Офицеры миноносца приветливо и дружно встретили мичмана Садовинского. За те четыре месяца, что Садовинский служил в 9-м дивизионе миноносцев, он познакомился и подружился со многими офицерами, остальных же знал в лицо или по имени и отчеству. К слову сказать, обращение в чинах между флотскими офицерами презиралось. На русских военных кораблях издавно, было принято обращаться к сослуживцам по имени-отчеству. Еще служа на «Разящем», Бруно был знаком со всеми офицерами «Расторопного», через мичмана Владимира Ляпидевского, который до этого, служил на «Расторопном».

Боевая обстановка требовала быстрого вхождения, вновь прибывшего офицера, в повседневную и боевую деятельность корабля. «Расторопный» находился в дежурстве по рейду в передовой базе флота Куйвасто.

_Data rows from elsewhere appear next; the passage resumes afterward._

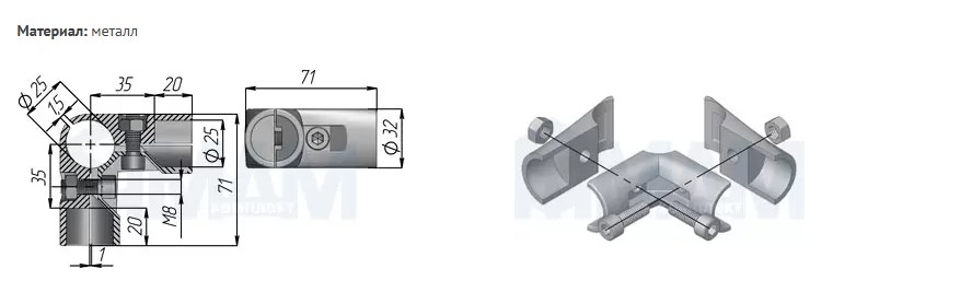 Соединитель угловой 3-х труб, черный 221.BL 03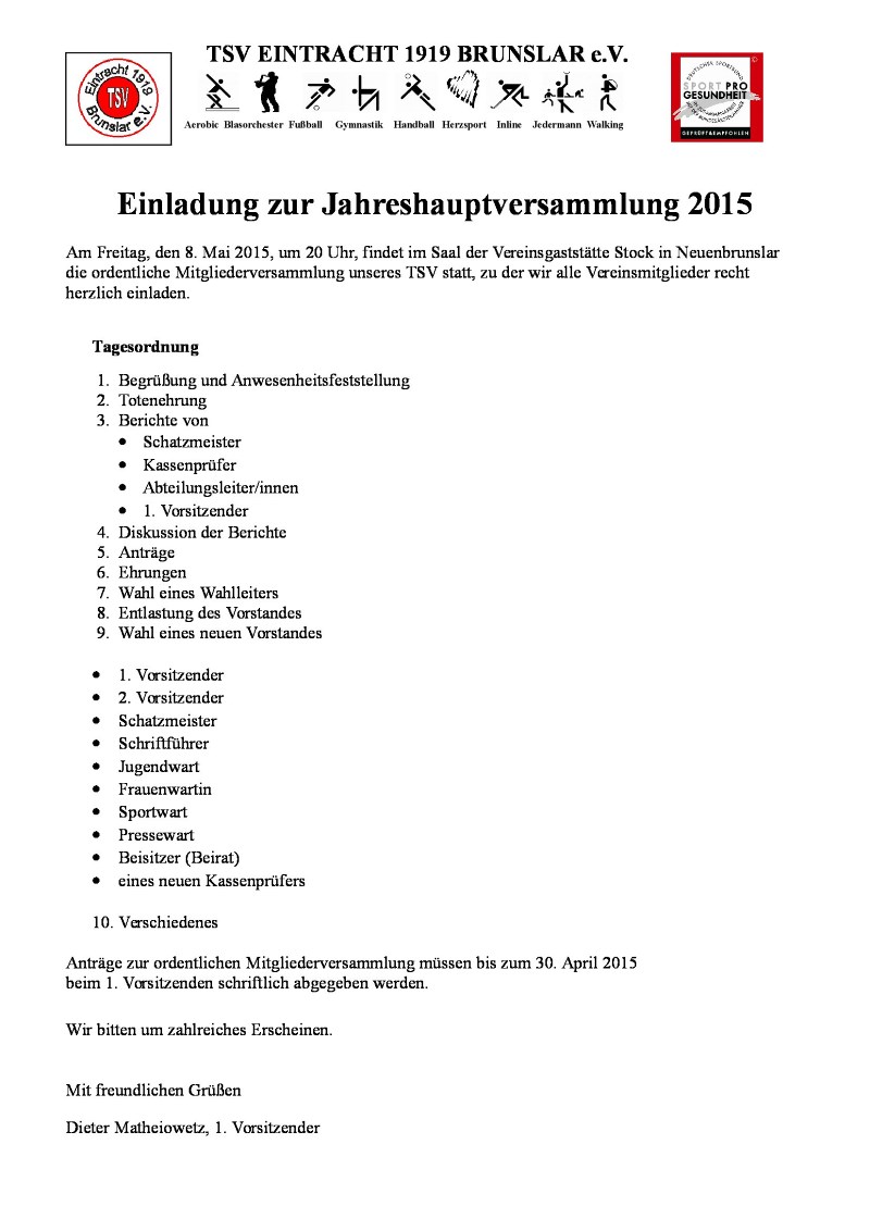 Bei der Jahreshauptversammlung des TSV Brunslar, am Freitag, den 8.Mai 2015, im Saal des Vereinsgasthauses Stock in Neuenbrunslar, standen auch Neuwahlen des Vorstandes an.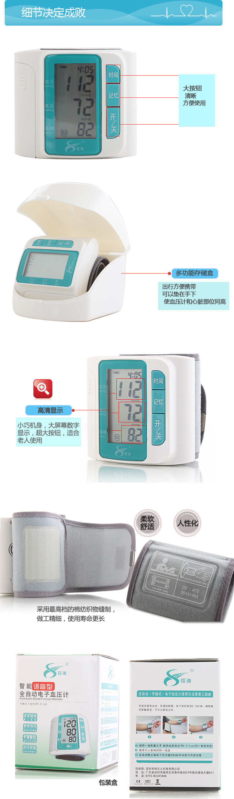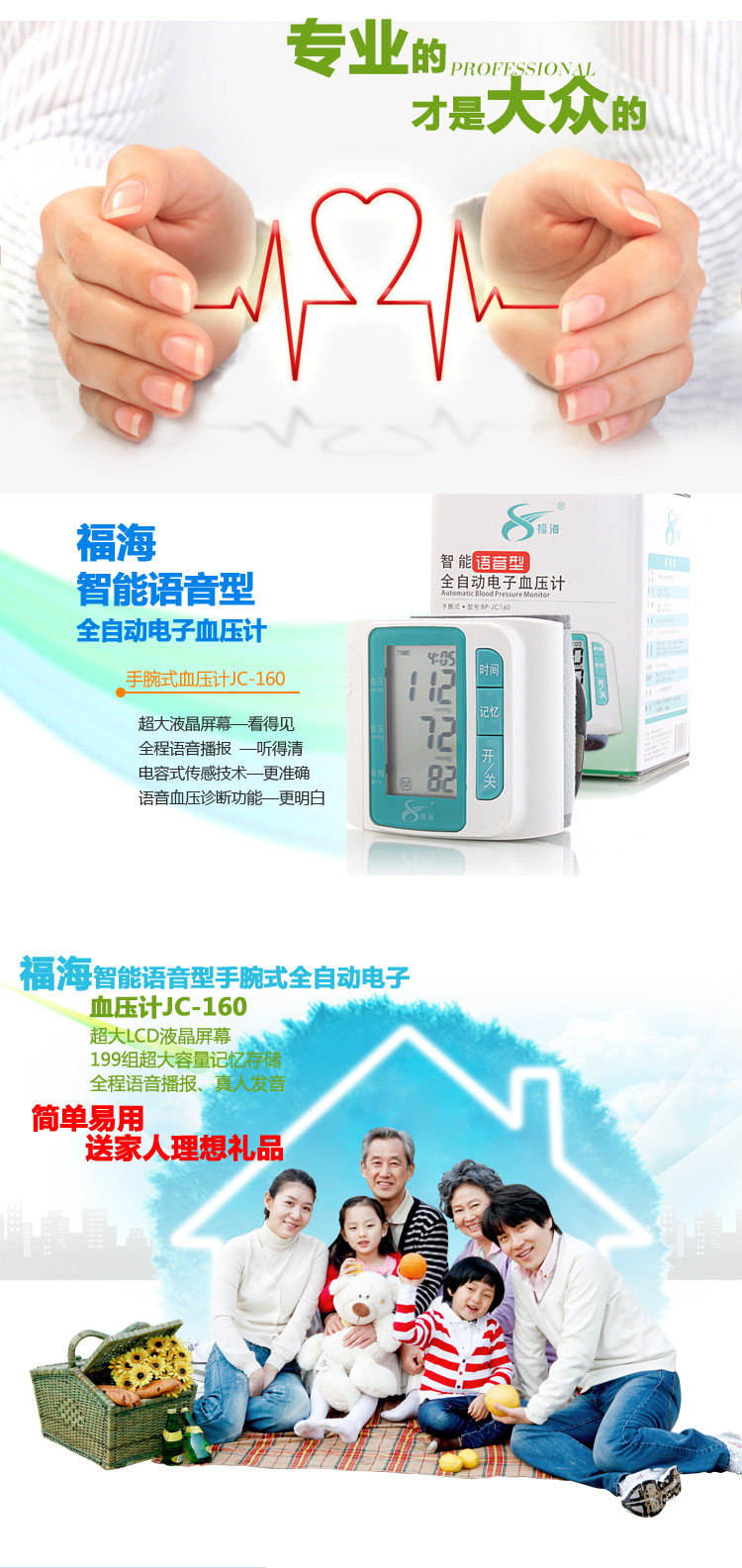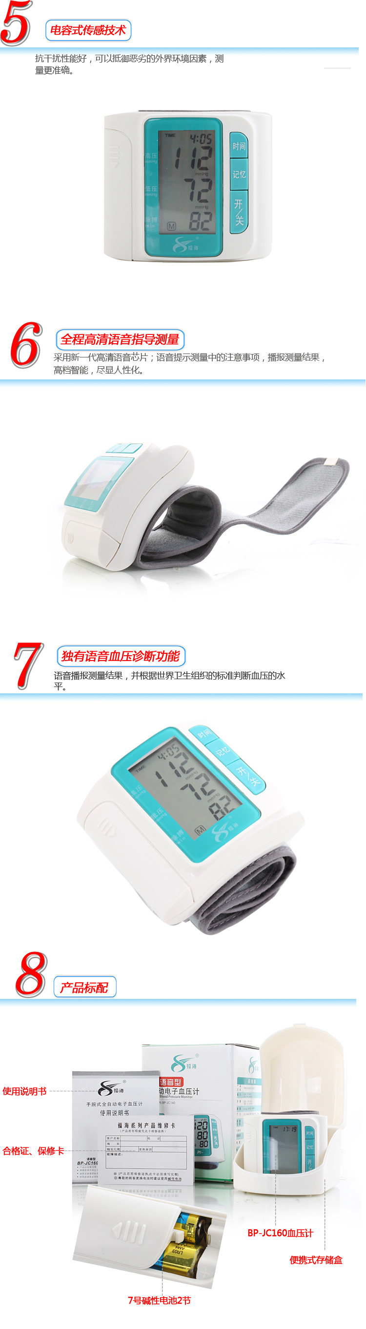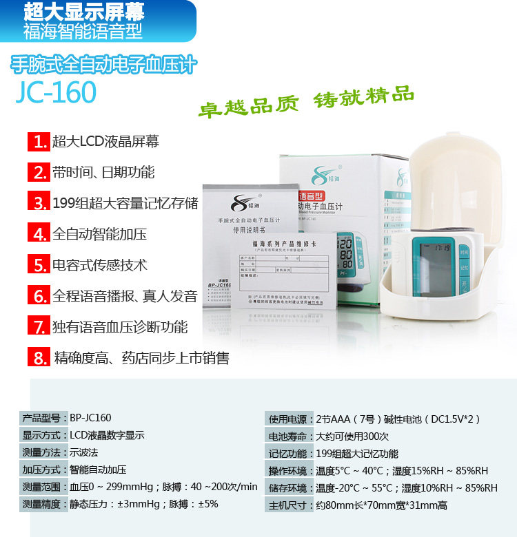 新款福海语音全自动手臂上电子血压计BP-380A正式上市,现火热销售中,原价310元,现价155元,进口机芯,测量精准,语音播报,WHO高压提示等强大功能,请此处进入>>>
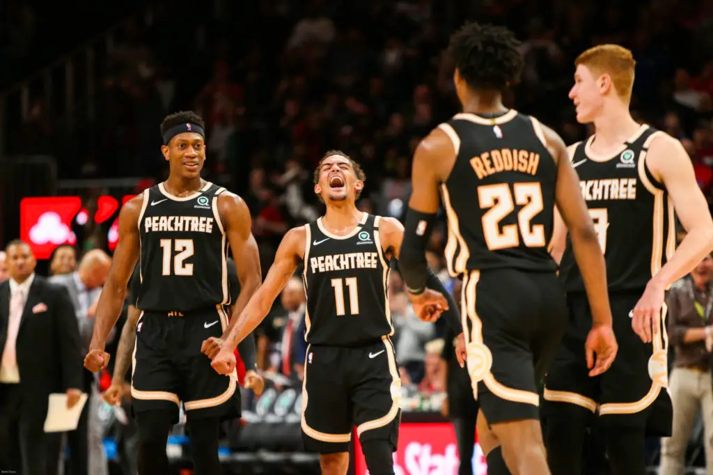 Photo by Icon Sport - Cam REDDISH - Trae YOUNG - De'Andre HUNTER - Kevin HUERTER - State Farm Arena - Atlanta (Etats Unis)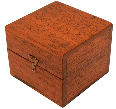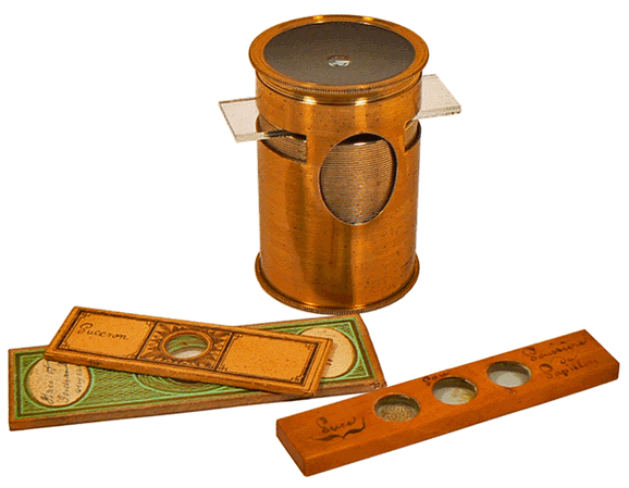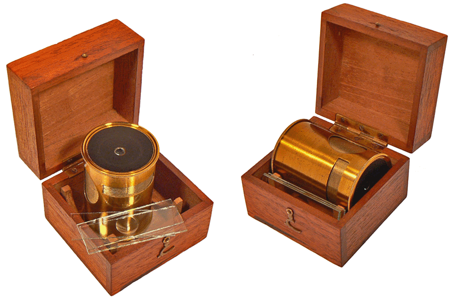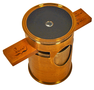 Dans un petit coffret en acajou, le microscope est accompagné de quatre lames en verre de 5 cm comportant, pour deux d'entre elles, une concavité. L'objet à examiner est placé dans l'espace réduit formé entre une lame à concavité et une lame plane. L'observation s'effectue à travers la lentille biconvexe de petit diamètre sertie dans un oeilleton à vis permettant le réglage de la netteté. La hauteur du microscope est égale à 5,2 cm et son diamètre est de 3,9 cm. |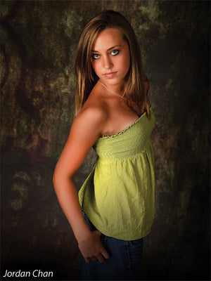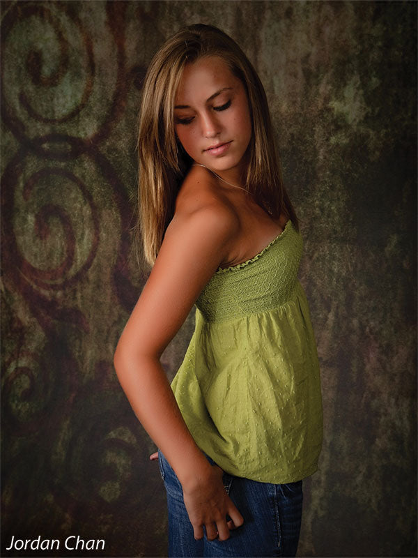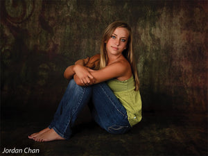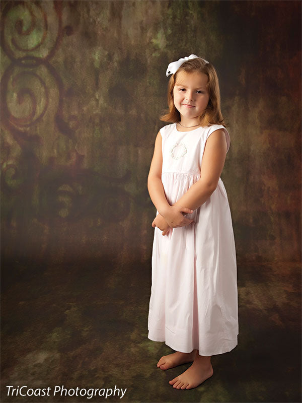The Scrolled Photography Backdrop combines rustic elegance with a painterly grunge aesthetic, featuring a rich blend of mossy green, earthen red, and muted amber tones. A faded ornamental scroll detail adds vintage charm and directional balance, perfect for creating classically inspired studio setups with a modern edge. This backdrop delivers visual texture and organic color flow that enhances both dramatic and soft portraiture.

Утро 27 июля 1916 года выдалось ветренным. В навигационном журнале «Расторопного» указывалось – ветер N-W, очень свежо. В этот день мичман Б. А. Садовинский заступил вахтенным офицером «Расторопного», и сделал следующую запись в вахтенном журнале эскадренного миноносца:

«29 июля, пятница. От знака Кумора.

8:15 Началось семафорное учение.

8:30 Окончилось семафорное учение. Начались артиллерийские занятия.

8:50 Окончились артиллерийские занятия.

9:00 Команду развели по работам.

Котел под парами № 3.

Мичман Б. Садовинский».

(РГАВМФ. Ф. 8701. Оп. 1. Д. 60382)

Накануне командир миноносца капитан 2-го ранга В. В. Селитренников, опытнейший офицер и прекрасный специалист, аттестовал Садовинского на знание обязанностей вахтенного офицера и допустил мичмана к самостоятельному несению вахты на ходу.

Передав 30 июля дежурство по рейду миноносцу «Сильный», «Расторопный» подошел к транспорту «Печора» для приемки боезапаса. Было принято 14 практических 75-миллиметровых снарядов.

В воскресенье, 31 июля, в 7 часов 45 минут «Расторопный» снялся со швартовых и пошел в Гельсингфорс. На переходе разошлись контркурсами с эскадренным миноносцем «Стерегущий» и канонерской лодкой «Хивинец». В 16 часов 38 минут стал на якорь в Гельсингфорсе, пришвартовавшись к бонам в Нора-Хамин. Придя в Гельсингфорс, экипаж занялся приведением в порядок миноносца. С утра следующего дня боцманская команда и выделенные от других команд матросы мыли и пемзовали надводный борт миноносца. Эта работа продолжалась два дня, и в среду, 3 августа, приступили к окраске миноносца. Закончили окраску борта 4 сентября. За отлично выполненную работу командир поощрил боцманскую команду внеочередным увольнением на берег.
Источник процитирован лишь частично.